**WHAT YOU ARE ASKED TO DO:** The answer should consist of the full listing below, repeated exactly and free of pictures.

**DATA SHOWN:**
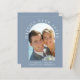 Elegant and budget-friendly dusty blue elopement or private wedding announcement and reception invitation. The front features your wedding day photo in an arch frame and "Happily Ever After" in elegant white typography. Add your first names, wedding date and location. On the reverse, personalise your announcement and invitation and add your names in a signature-like script.
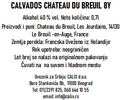 Izuzetno piće koje predstavlja savršen odnos kvaliteta i novca je definitivno Calvados star 8 godina. Kalvados je jako i veoma posebno alkoholno piće proizvedeno od jabuke. Pogotovo je dobro za degustaciju čak i za one koji nisu poznavaoci, i nemaju iskustva sa degustacijom jačih alkoholnih pića. Kalvados takođe važi za plemićko piće koje iako poseduje nešto veći procenat alkohola, sadrži i svežinu. Cenjeno je zbog dugog odležavanja. Chateau du Breuil je stari zamak u srcu Pais d'Auge, građevine od crvene cigle i drvene građe koje datira iz 16.-17. veka. Ovde su nekada živele porodice Buketo, Montgomeri i Bens. Danas se tamo nalazi jedna od najpoznatijih destilerija Kalvadosa. Kompaniju Chateau du Breuil osnovao je 1954. godine Philippe Bizouard, čiji su preci započeli proizvodnju i destilaciju Calvadosa. Zanimljiv podatak je da u okolini zamka raste 22.000 stabala jabuke i da je za 1 litar Kalvadosa potrebno 27 kg jabuka.
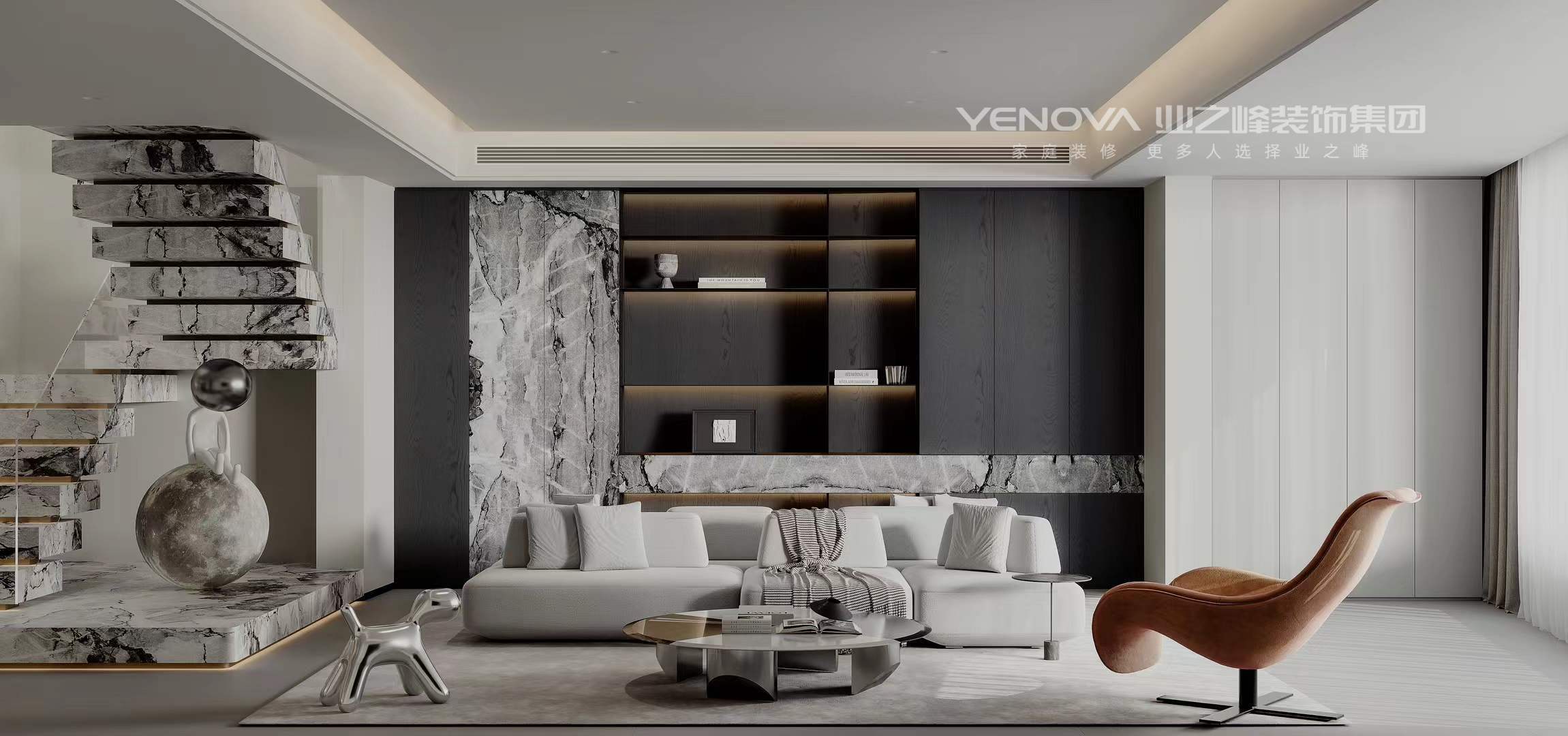 小区:高科麓湾 面积:200㎡ 户型:三居 风格:意式极简

**ANSWER TO THIS PROBLEM:**
 Elegant and budget-friendly dusty blue elopement or private wedding announcement and reception invitation. The front features your wedding day photo in an arch frame and "Happily Ever After" in elegant white typography. Add your first names, wedding date and location. On the reverse, personalise your announcement and invitation and add your names in a signature-like script.
 Izuzetno piće koje predstavlja savršen odnos kvaliteta i novca je definitivno Calvados star 8 godina. Kalvados je jako i veoma posebno alkoholno piće proizvedeno od jabuke. Pogotovo je dobro za degustaciju čak i za one koji nisu poznavaoci, i nemaju iskustva sa degustacijom jačih alkoholnih pića. Kalvados takođe važi za plemićko piće koje iako poseduje nešto veći procenat alkohola, sadrži i svežinu. Cenjeno je zbog dugog odležavanja. Chateau du Breuil je stari zamak u srcu Pais d'Auge, građevine od crvene cigle i drvene građe koje datira iz 16.-17. veka. Ovde su nekada živele porodice Buketo, Montgomeri i Bens. Danas se tamo nalazi jedna od najpoznatijih destilerija Kalvadosa. Kompaniju Chateau du Breuil osnovao je 1954. godine Philippe Bizouard, čiji su preci započeli proizvodnju i destilaciju Calvadosa. Zanimljiv podatak je da u okolini zamka raste 22.000 stabala jabuke i da je za 1 litar Kalvadosa potrebno 27 kg jabuka.
 小区:高科麓湾 面积:200㎡ 户型:三居 风格:意式极简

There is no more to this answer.